#### TASK OBJECTIVE:
Would you print the lines below exactly, beginning at the line that has "กรณีที่มีไต้หวันเข้าร่วมการประชุม / จิรกาญจน์ สงวนพวก." and stopping after the line that has "Vintage Solid 14k"? Only those lines, and no pictures.

#### STUDY MATERIAL:
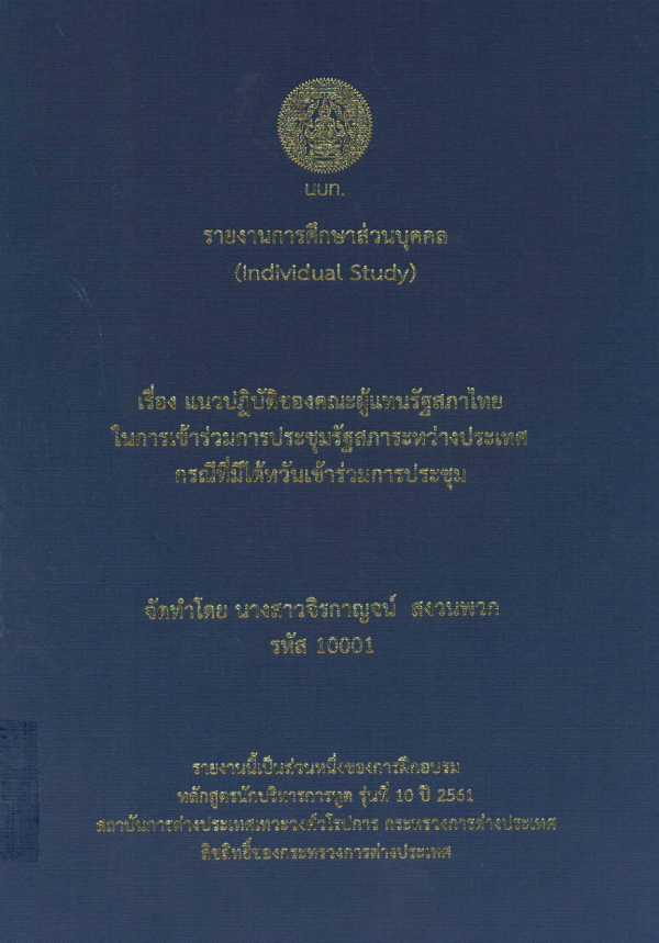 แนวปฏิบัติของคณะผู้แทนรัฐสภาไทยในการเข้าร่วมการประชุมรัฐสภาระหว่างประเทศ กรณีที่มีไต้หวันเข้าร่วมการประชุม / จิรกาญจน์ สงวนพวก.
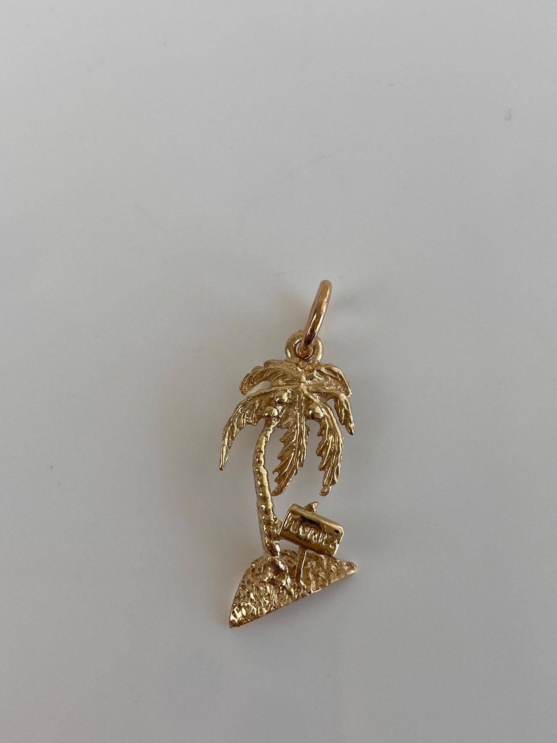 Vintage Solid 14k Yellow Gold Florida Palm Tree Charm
* * *
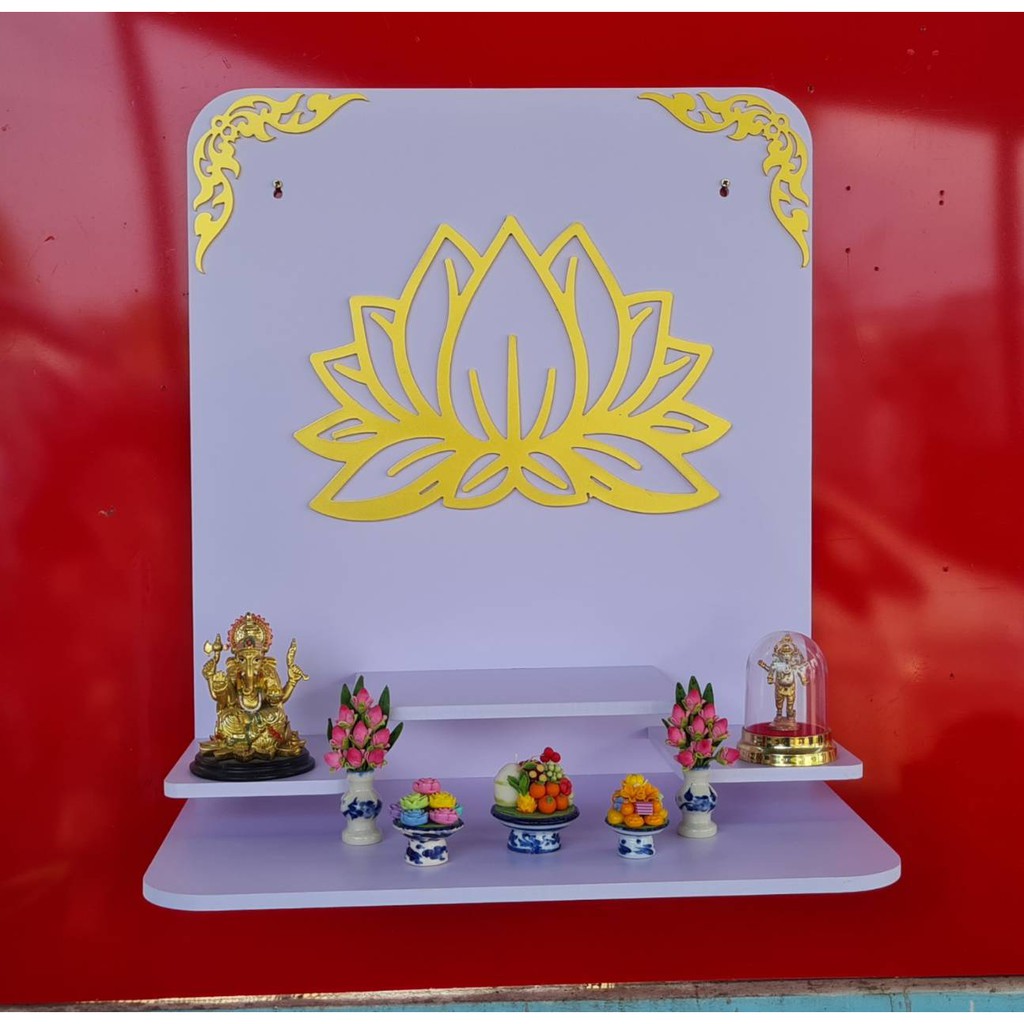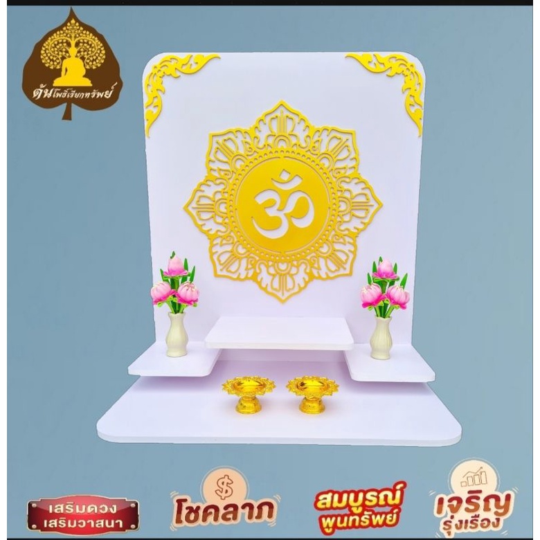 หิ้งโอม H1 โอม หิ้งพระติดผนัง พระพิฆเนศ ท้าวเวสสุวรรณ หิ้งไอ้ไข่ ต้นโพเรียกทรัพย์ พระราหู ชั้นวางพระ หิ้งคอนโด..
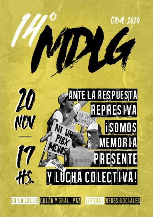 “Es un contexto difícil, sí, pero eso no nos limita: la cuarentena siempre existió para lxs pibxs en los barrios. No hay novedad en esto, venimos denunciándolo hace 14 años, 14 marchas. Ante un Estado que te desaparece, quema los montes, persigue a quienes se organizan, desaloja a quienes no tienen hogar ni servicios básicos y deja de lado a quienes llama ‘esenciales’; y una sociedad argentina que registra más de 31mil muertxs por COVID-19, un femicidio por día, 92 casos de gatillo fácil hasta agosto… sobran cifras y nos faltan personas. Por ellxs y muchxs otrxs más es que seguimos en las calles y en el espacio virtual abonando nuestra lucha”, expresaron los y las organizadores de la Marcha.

#### EXPECTED ANSWER:
 แนวปฏิบัติของคณะผู้แทนรัฐสภาไทยในการเข้าร่วมการประชุมรัฐสภาระหว่างประเทศ กรณีที่มีไต้หวันเข้าร่วมการประชุม / จิรกาญจน์ สงวนพวก.
 Vintage Solid 14k Yellow Gold Florida Palm Tree Charm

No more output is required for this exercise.